>>

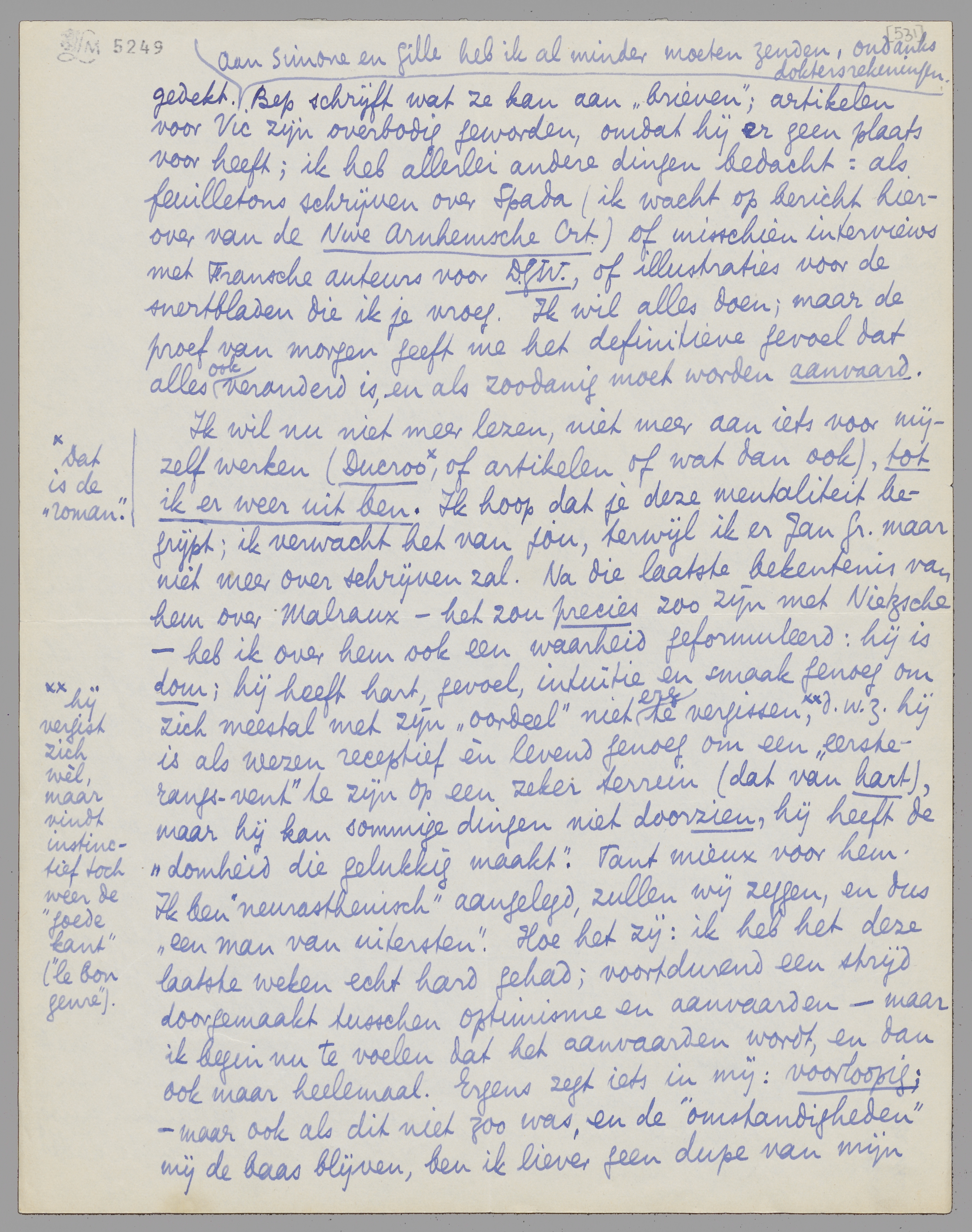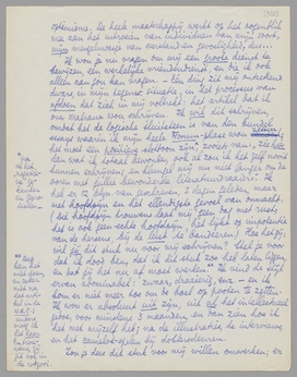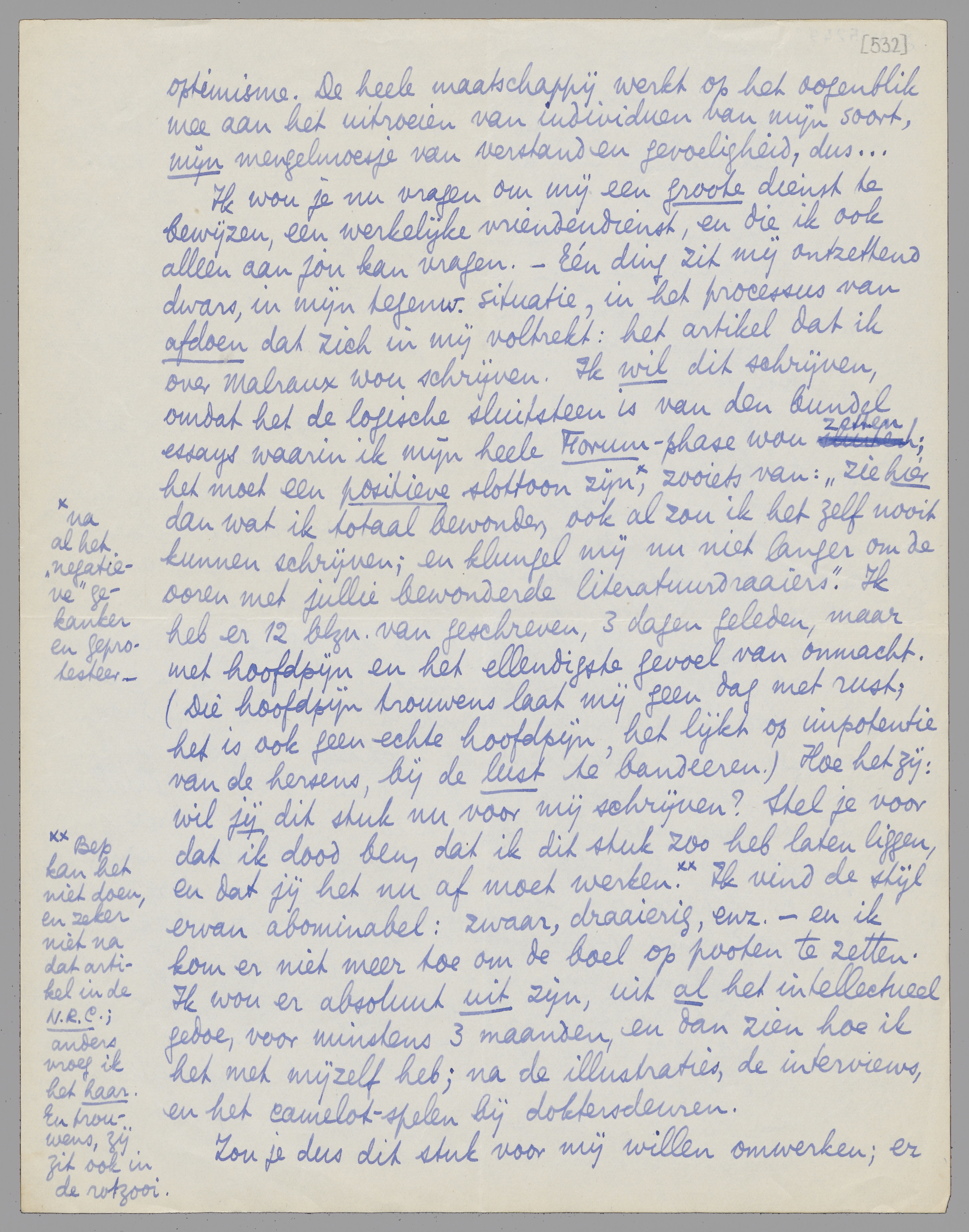 Ik wou je nu vragen om mij een groote dienst te bewijzen, een werkelijke vriendendienst, en die ik ook alleen aan jou kan vragen. - Eén ding zit mij ontzettend dwars, in mijn tegenw. situatie, in het processus van afdoen dat zich in mij voltrekt: het artikel dat ik over Malraux wou schrijven. Ik wil dit schrijven, omdat het de logische sluitsteen is van den bundel essays waarin ik mijn heele Forum-phase wou zetten; het moet een positieve slottoon zijn,** zooiets van: ‘zie hier dan wat ik totaal bewonder, ook al zou ik het zelf nooit kunnen schrijven; en klungel mij nu niet langer om de ooren met jullie bewonderde literatuurdraaiers’. Ik heb er 12 blzn. van geschreven, 3 dagen geleden, maar met hoofdpijn en het ellendigste gevoel van onmacht. (Die hoofdpijn trouwens laat mij geen dag met rust; het is ook geen echte hoofdpijn, het lijkt op impotentie van de hersens, bij de lust te bandeeren.) Hoe het zij: wil jij dit stuk nu voor mij schrijven? Stel je voor dat ik dood ben, dat ik dit stuk zoo heb laten liggen, en dat jij het nu af moet werken.*** Ik vind de stijl ervan abominabel: zwaar, draaierig, enz. - en ik kom er niet meer toe om de boel op pooten te zetten. Ik wou er absoluut uit zijn, uit al het intellectueel gedoe, voor minstens 3 maanden, en dan zien hoe ik het met mijzelf heb; na de illustraties, de interviews, en het camelot-spelen bij doktersdeuren.
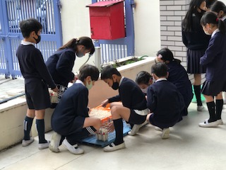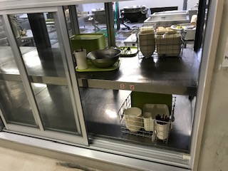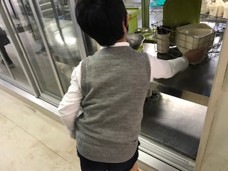 安全に廊下階段を通って給食室に到着したら、使った食器や食缶、牛乳パックのかごを決められた場所に返却します。この時も、扉向こうの給食調理員さんにとってもらいやすいように、また、後にくる学級のことを考えておくに並べます。牛乳パックもきれいに並べています。
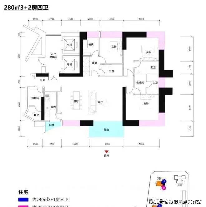 约280㎡4+1房4卫 B户型,西南朝向看城市景观,高层可看深圳湾海景;
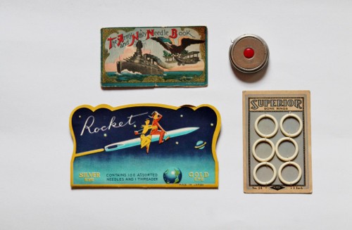 I’ve been helping a friend sort through her great-aunt’s belongings. As a thank-you, she has asked me to select a few things to take home with me. These sewing notions are among the things she “gifted” me. The item in the upper right corner is a cute tape measure. I will list these items for sale at about $10-12.00. Acme Notions is an online store selling everything sewing-related. It’s a good place to check out values on various items.
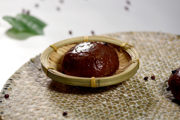 7、松弛完之后,掌心微微压扁成薄片,包入10g的巧克力豆;
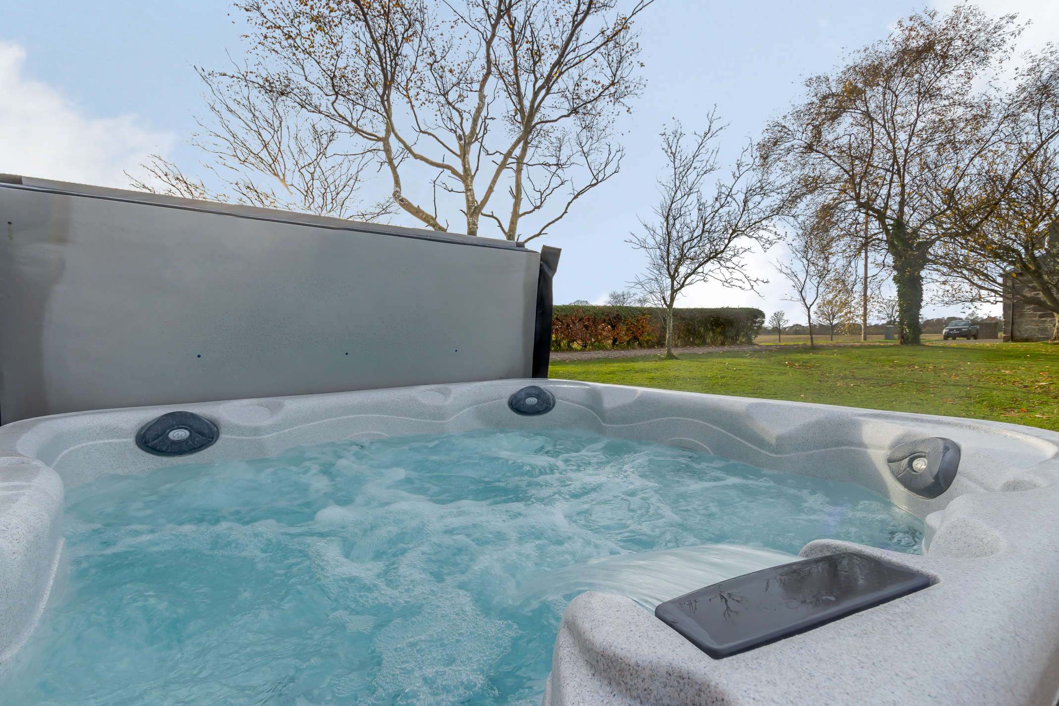 Outside, guests can enjoy a well-maintained walled garden with cobbled seating and a barbecue area beside a sunken six-person hot tub. The grounds also provide parking for up to six vehicles, ensuring plenty of space for larger groups.

<<

* **Problem details**
Omit the pictures. Repeat the rest of the data exactly.

* **Answer to this task**
 Ik wou je nu vragen om mij een groote dienst te bewijzen, een werkelijke vriendendienst, en die ik ook alleen aan jou kan vragen. - Eén ding zit mij ontzettend dwars, in mijn tegenw. situatie, in het processus van afdoen dat zich in mij voltrekt: het artikel dat ik over Malraux wou schrijven. Ik wil dit schrijven, omdat het de logische sluitsteen is van den bundel essays waarin ik mijn heele Forum-phase wou zetten; het moet een positieve slottoon zijn,** zooiets van: ‘zie hier dan wat ik totaal bewonder, ook al zou ik het zelf nooit kunnen schrijven; en klungel mij nu niet langer om de ooren met jullie bewonderde literatuurdraaiers’. Ik heb er 12 blzn. van geschreven, 3 dagen geleden, maar met hoofdpijn en het ellendigste gevoel van onmacht. (Die hoofdpijn trouwens laat mij geen dag met rust; het is ook geen echte hoofdpijn, het lijkt op impotentie van de hersens, bij de lust te bandeeren.) Hoe het zij: wil jij dit stuk nu voor mij schrijven? Stel je voor dat ik dood ben, dat ik dit stuk zoo heb laten liggen, en dat jij het nu af moet werken.*** Ik vind de stijl ervan abominabel: zwaar, draaierig, enz. - en ik kom er niet meer toe om de boel op pooten te zetten. Ik wou er absoluut uit zijn, uit al het intellectueel gedoe, voor minstens 3 maanden, en dan zien hoe ik het met mijzelf heb; na de illustraties, de interviews, en het camelot-spelen bij doktersdeuren.
 安全に廊下階段を通って給食室に到着したら、使った食器や食缶、牛乳パックのかごを決められた場所に返却します。この時も、扉向こうの給食調理員さんにとってもらいやすいように、また、後にくる学級のことを考えておくに並べます。牛乳パックもきれいに並べています。
 约280㎡4+1房4卫 B户型,西南朝向看城市景观,高层可看深圳湾海景;
 I’ve been helping a friend sort through her great-aunt’s belongings. As a thank-you, she has asked me to select a few things to take home with me. These sewing notions are among the things she “gifted” me. The item in the upper right corner is a cute tape measure. I will list these items for sale at about $10-12.00. Acme Notions is an online store selling everything sewing-related. It’s a good place to check out values on various items.
 7、松弛完之后,掌心微微压扁成薄片,包入10g的巧克力豆;
 Outside, guests can enjoy a well-maintained walled garden with cobbled seating and a barbecue area beside a sunken six-person hot tub. The grounds also provide parking for up to six vehicles, ensuring plenty of space for larger groups.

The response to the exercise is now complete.